1 Introduction

Observations of interacting galaxies provide important information about galactic structure and evolution. Due to the long time scales (compared to the lifetime of a human) involved in interactions between galaxies, one can only obtain a single snapshot of an interacting system. Dynamical modelling of such systems therefore constitutes an important complement to observations, and can naturally be divided into two parts: Modelling of the individual galaxies participating in an interaction, and determination of the orbital parameters. Advances in the techniques for modelling of individual galaxies in interacting systems has led to a greatly increased understanding of features such as bars, rings, and spiral arms.

In order to understand the dynamics of an interacting system of galaxies it is, however, equally important to know the parameters of the relative orbit of the two galaxies. Determination of orbital parameters has only been carried out for a small fraction of all observed interacting galaxies. An example of a system that has been much studied is the M 51 system (for recent results, see Engström & Athanassoula 1991; Howard & Byrd 1990, and Hernquist 1990). The fact that several authors have arrived at very different orbits shows the difficulties involved in modelling even a well-observed system such as M 51.

Some of the main problems encountered when numerical simulations are used for determining orbital parameters are that the parameter space that needs to be searched is often very large, and that the results of each simulation must be compared with the observational data. While methods for automatic comparison of data between observations and simulations have been used in some cases (e.g. Engström & Athanassoula 1991), very little has been done to find an efficient method for reducing the amount of searching necessary in order to find the orbit in a general case. In this paper, an efficient search method will be presented and evaluated using artificial data.

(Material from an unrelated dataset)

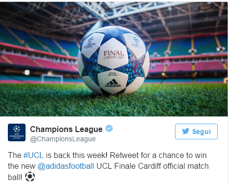 La UEFA ha presentato tramite il proprio profilo Twitter il pallone che verrà usato per la finale di Champions League...

Science often benefits from the sharing of information between different disciplines. One example of this is the invention of genetic algorithms (Holland 1975). With natural evolution as the inspiration, genetic algorithms (hereafter GAs) use artificial selection and the genetic crossover and mutation operators to manipulate strings of numbers which encode the variables of the problem, thereby reaching better and better solutions to the problem. GAs are used in many branches of science (see the Appendix). However, in astrophysics there have, as yet, only been a few applications of GAs, in the fields of solar coronal modelling (Gibson & Charbonneau 1996), helioseismology (Tomczyk et al. 1995), pulsar planet searching (Lazio 1997), eclipsing binary stars (Hakala 1995), and gamma-ray astronomy (Lang 1995). For an excellent review of GAs in astronomy and astrophysics, see Charbonneau (1995).

In this paper, a GA will be used for searching the space of possible orbital parameters for pairs of interacting galaxies. Section 2 contains a description of the problem, and the method of solution is presented in Sect. 3. The results are given in Sects. 4 and 5. The method is discussed in Sect. 6, and the conclusions are presented in Sect. 7. The Appendix contains a brief description of the essential features of the GA used in the paper, as well as some references for further reading.